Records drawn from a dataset
↓↓↓
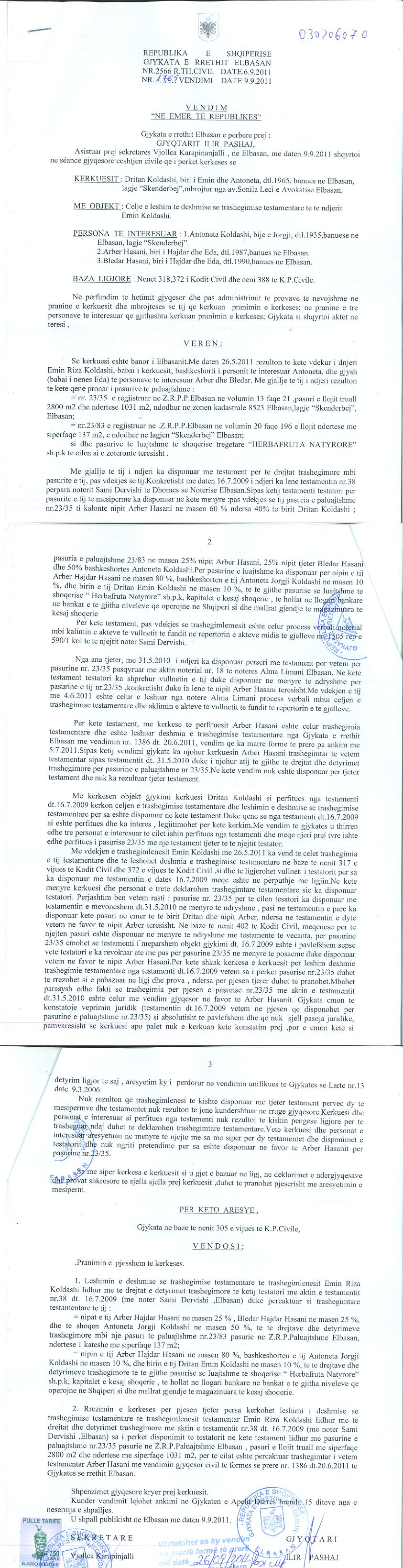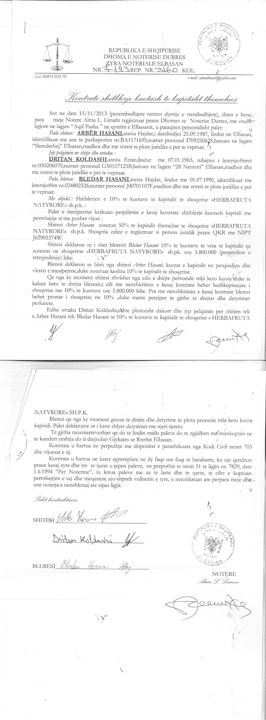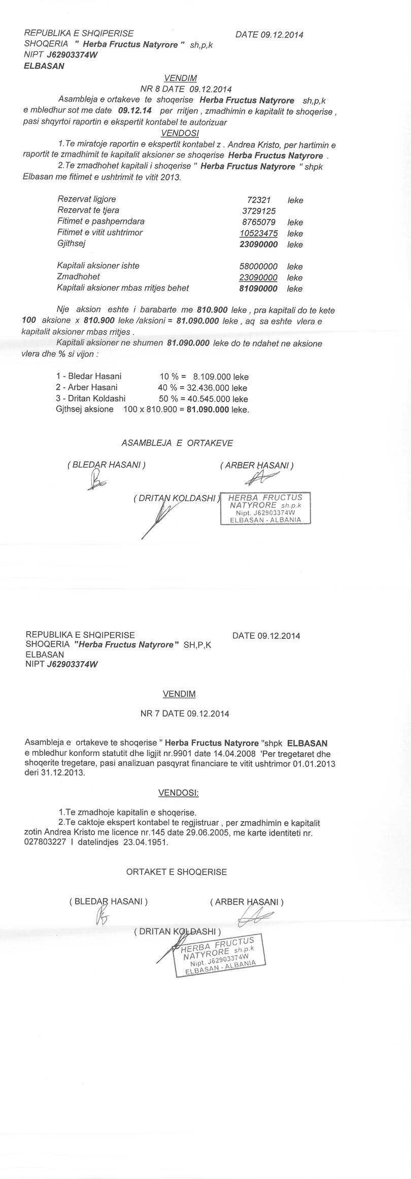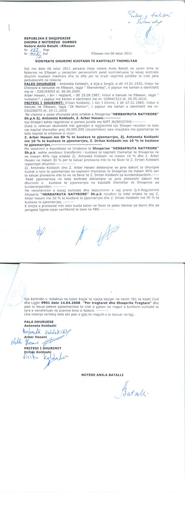 → Ekstrakt Historik i Regjistrit Tregtar date 12.10.2023 → Akt themelimi dhe Statuti i Shoqerise → Dokuemente të Ndryshme → Vendim i Ortakut të Vetëm, Zmadhim Kapitali datë 07.07.2005 → Vendim i Ortakut të Vetëm, Zmadhim Kapitali datë 15.04.2009 → Vendim Dëshmie e Trashëgimisë datë 09.09.2011 → Kontratë Dhurimi Kuotash Kapitali Themeltar datë 06.10.2011 → Vendim i Asamblesë së Ortakëve, Zmadhim Kapitali datë 05.09.2012 → Kontratë Shitblerje Kuotash Kapitali Themeltar datë 15.11.2013 → Vendim i Asamblesë së Ortakëve, Zmadhim Kapitali datë 09.12.2014 → Kontratë Shitblerje Kuotash Kapitali Themeltar datë 04.05.2015 → Vendim i Asamblesë së Ortakëve, Zmadhim Kapitali datë 16.08.2016 → Vendim i Asamblesë së Ortakëve, Zmadhim Kapitali datë 22.08.2018 → Vendim i Asamblesë së Ortakëve, Zmadhim Kapitali datë 30.05.2019 → Vendim i Asamblesë së Ortakëve, Zmadhim Kapitali datë 04.03.2020 → Vendim i Asamblesë së Ortakëve, Zmadhim Kapitali datë 07.02.2021 → Vendim i Asamblesë së Ortakëve, Zmadhim Kapitali datë 25.07.2022 → Kontratë Dhurimi Kuotash Kapitali datë 11.01.2023 → Ekstrakt Historik i Regjistrit Tregtar date 17.04.2024 → Kontratë Dhurimi Kuotash Kapitali datë 18.11.2023 → Të dhënat e Investimit, Financimet Nga IPARD - Aksesuar nga Agjencia për Zhvillim Bujqësor dhe Rural AZHBR datë 17.04.2024 |
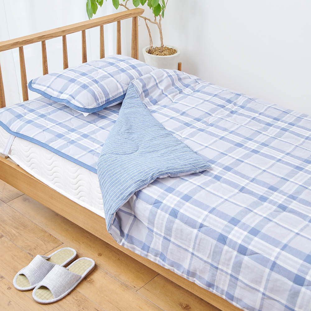 - 敷パッド シングル ブルーチェック
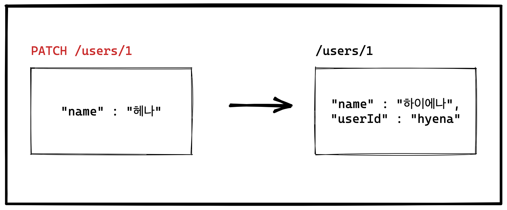 PATCH 메서드를 이용해서 자원의 부분 변경이 가능함을 그림으로 확인할 수 있다.
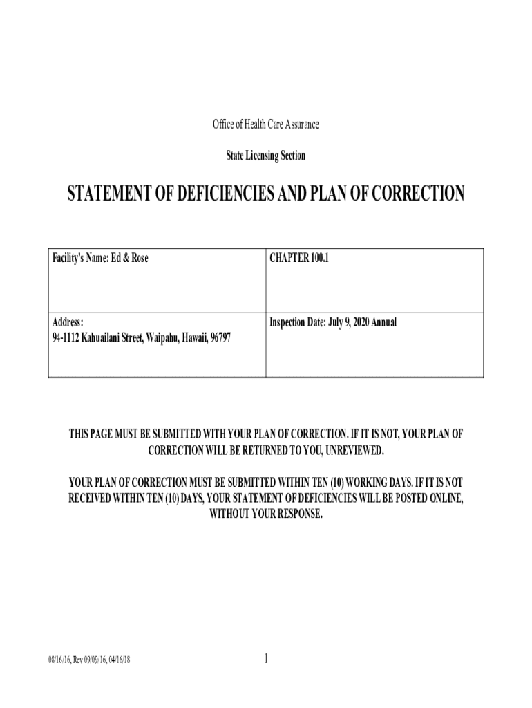 Get the free Statement of Deficiencies and Plan of Correction
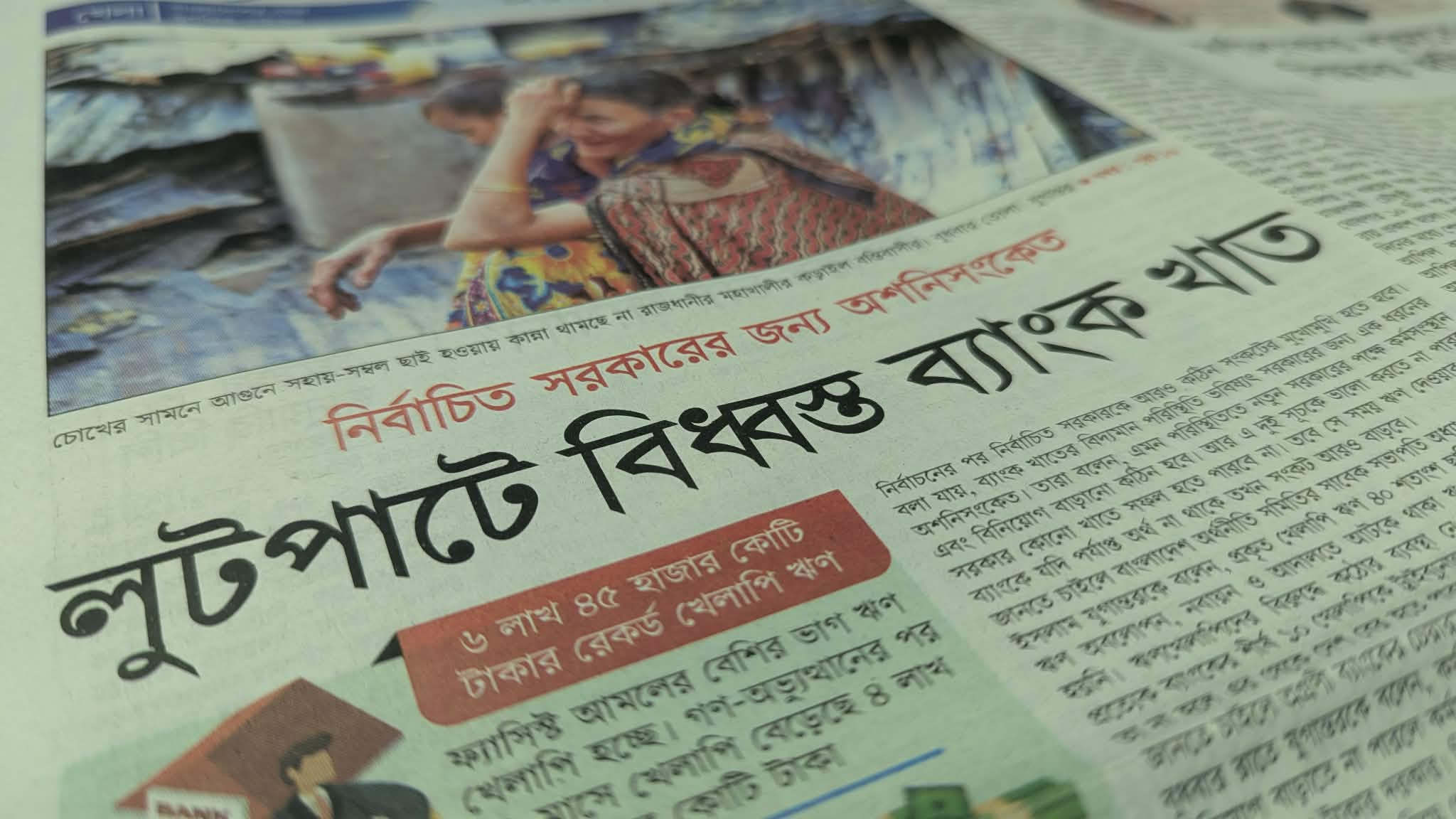 যুগান্তরের প্রথম পাতার প্রধান খবরের শিরোনাম— ‘নির্বাচিত সরকারের জন্য অশনিসংকেত/ লুটপাটে বিধ্বস্ত ব্যাংক খাত’
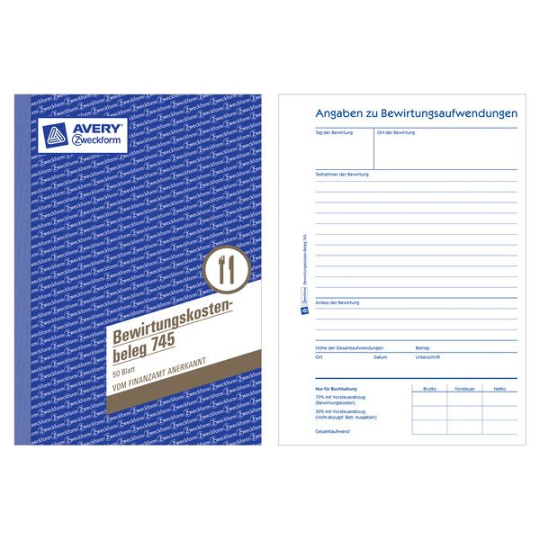 Nutzen Sie den Bewirtungskostenbeleg von Avery Zweckform um die entstandenen Kosten absetzen zu können. Das Formular berücksichtigt alle vom Finanzamt geforderten Daten laut § 4 Abs. 5 Ziff. 2 EStG wie: Ort der Bewirtung, Datum usw. Der Bewirtungskostenbeleg enthält zudem Empfehlungen zum Ausfüllen und gibt Hinweise für die Buchhaltung.
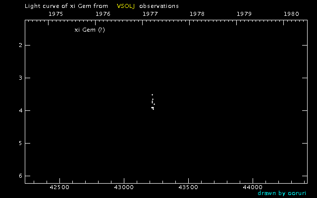Light Curve of xi Gem (xi Geminorum) from the VSOLJ database (1975-1979)
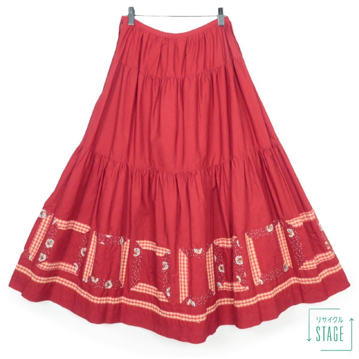 | 商品説明 | 【実寸約】ウエスト64 丈86(cm) 【サイズ表記】M 【素材】綿100 【状態】普通の使用感のあるお品物 長期保管のため、全体的に薄汚れ感 裾のパッチワーク部分に小さなひっかけあり。 【定価】紙タグあり 22800円 【デザイン】 レッド系 コットン100%素材のロングフレアスカートです。 真っ赤な色が印象的でギャザーたっぷりの素敵なお品です。 チェックやフラワードット生地のパッチワークや刺しゅうなどディティールまでこだわりの1枚です。 様々な大人ロマンティックコーデに重宝する優秀アイテムです。 サイドファスナー&ボタン仕様。 |
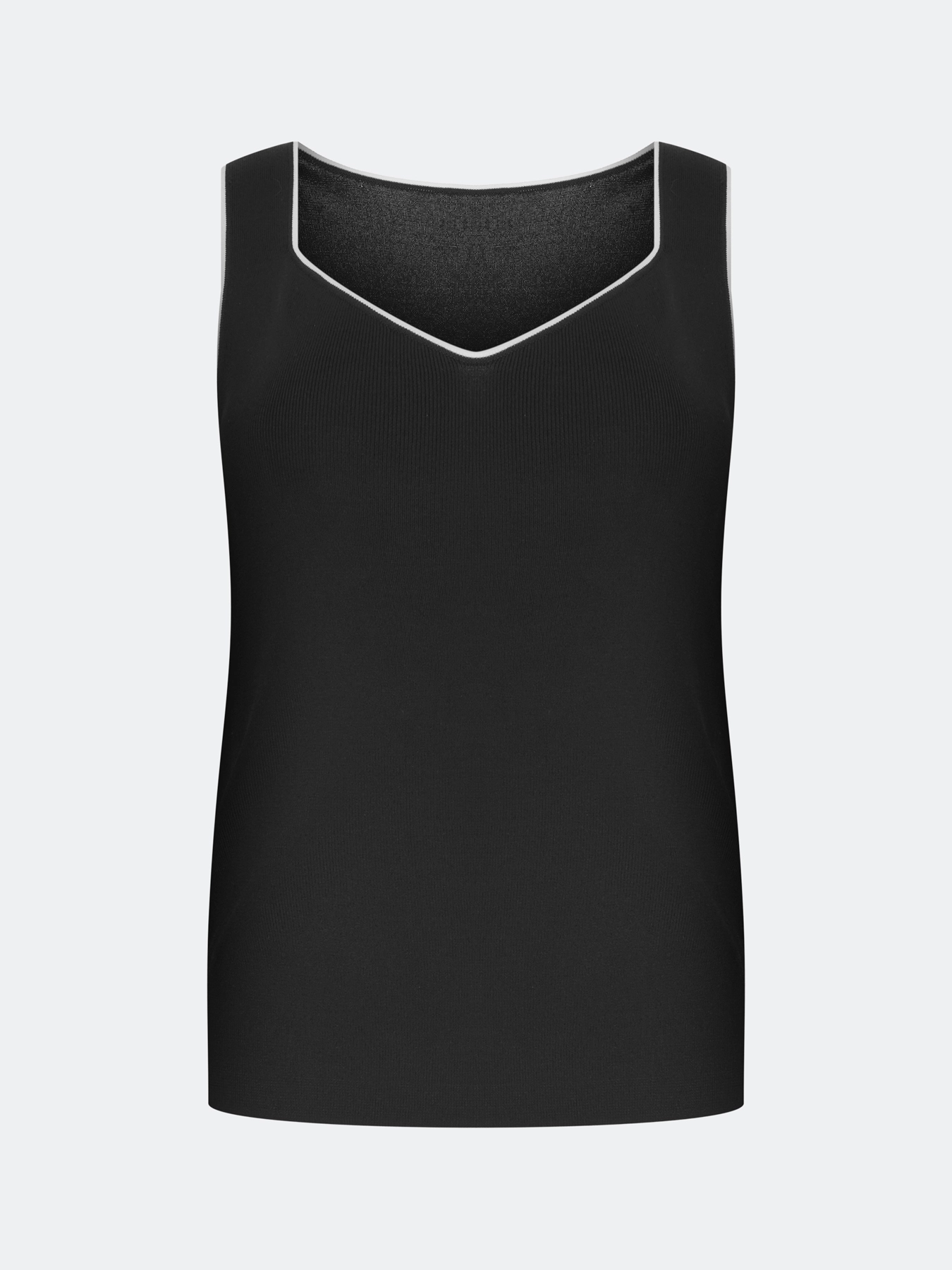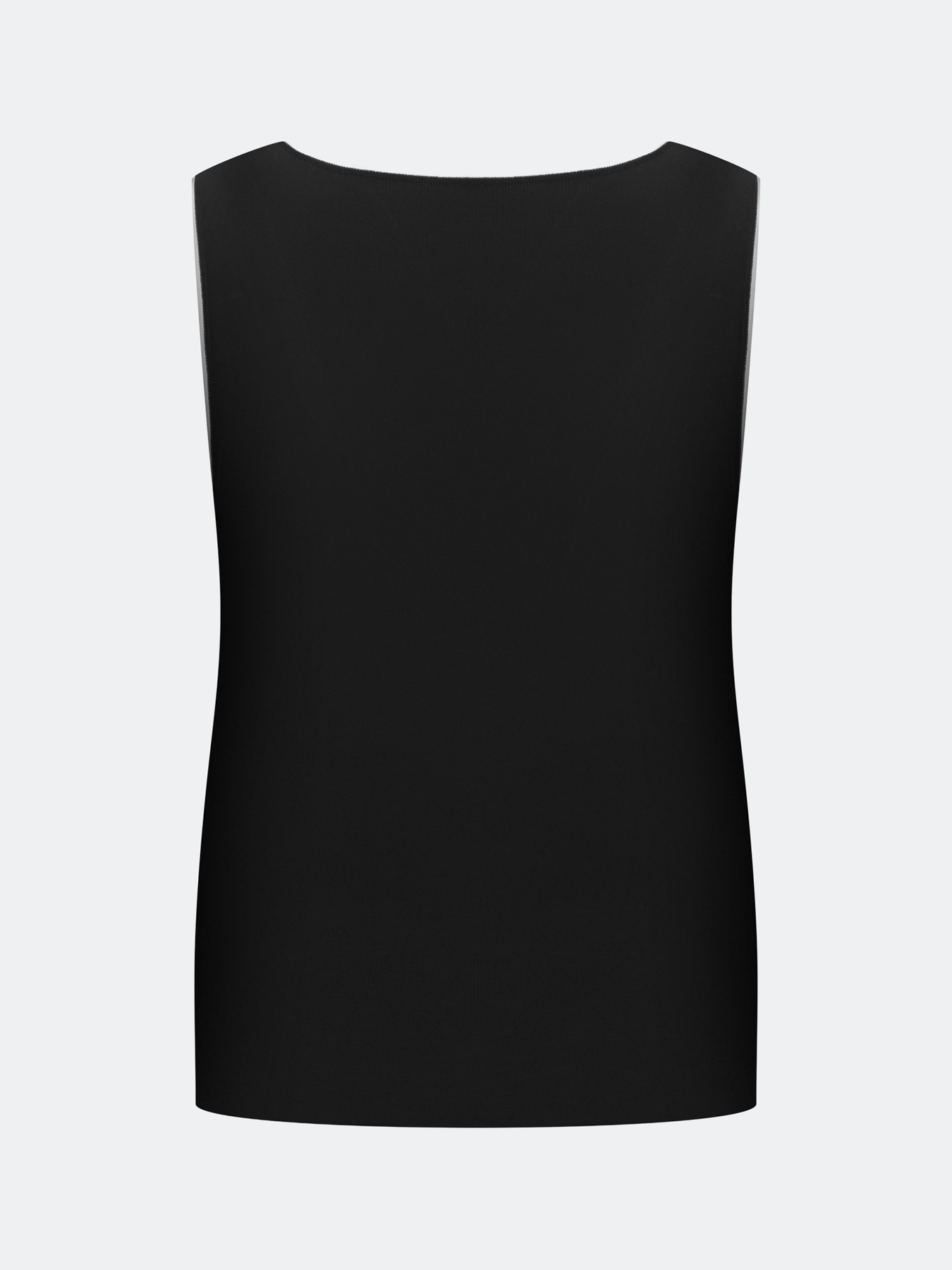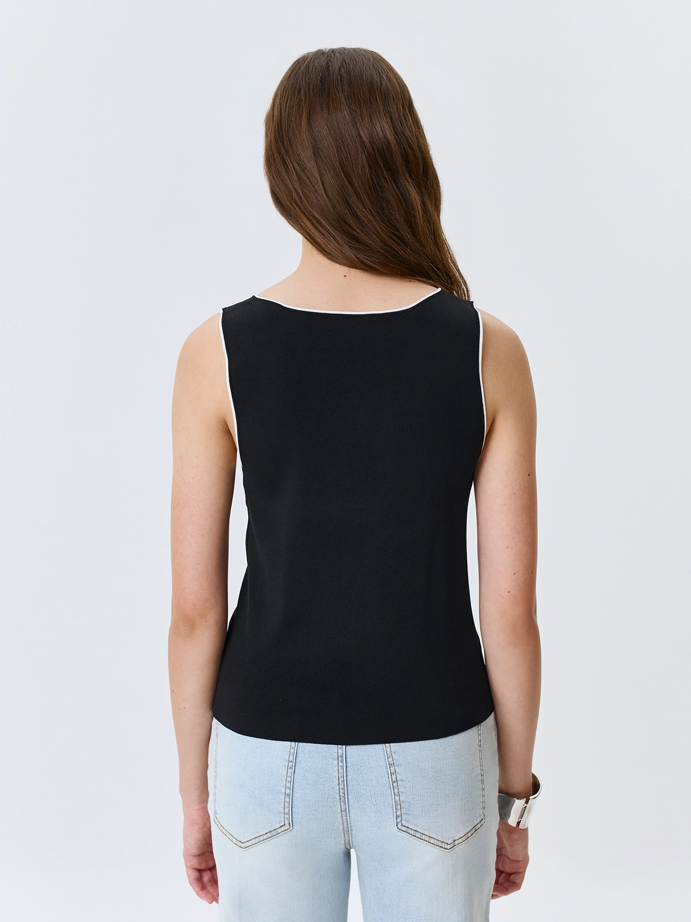 Вязаный топ из вискозы. Прямой силуэт. V-образный вырез с широкими бретелями. Дополнен контрастным кантом по линии горловины и проймы.
↑↑↑
Within the entries above, give again exactly the lines starting at the one that contains "Light Curve of" and ending at the one that contains "様々な大人ロマンティックコーデに重宝する優秀アイテムです。 サイドファスナー&ボタン仕様。 |", leaving out the pictures.

### Task response:
Light Curve of xi Gem (xi Geminorum) from the VSOLJ database (1975-1979)
 | 商品説明 | 【実寸約】ウエスト64 丈86(cm) 【サイズ表記】M 【素材】綿100 【状態】普通の使用感のあるお品物 長期保管のため、全体的に薄汚れ感 裾のパッチワーク部分に小さなひっかけあり。 【定価】紙タグあり 22800円 【デザイン】 レッド系 コットン100%素材のロングフレアスカートです。 真っ赤な色が印象的でギャザーたっぷりの素敵なお品です。 チェックやフラワードット生地のパッチワークや刺しゅうなどディティールまでこだわりの1枚です。 様々な大人ロマンティックコーデに重宝する優秀アイテムです。 サイドファスナー&ボタン仕様。 |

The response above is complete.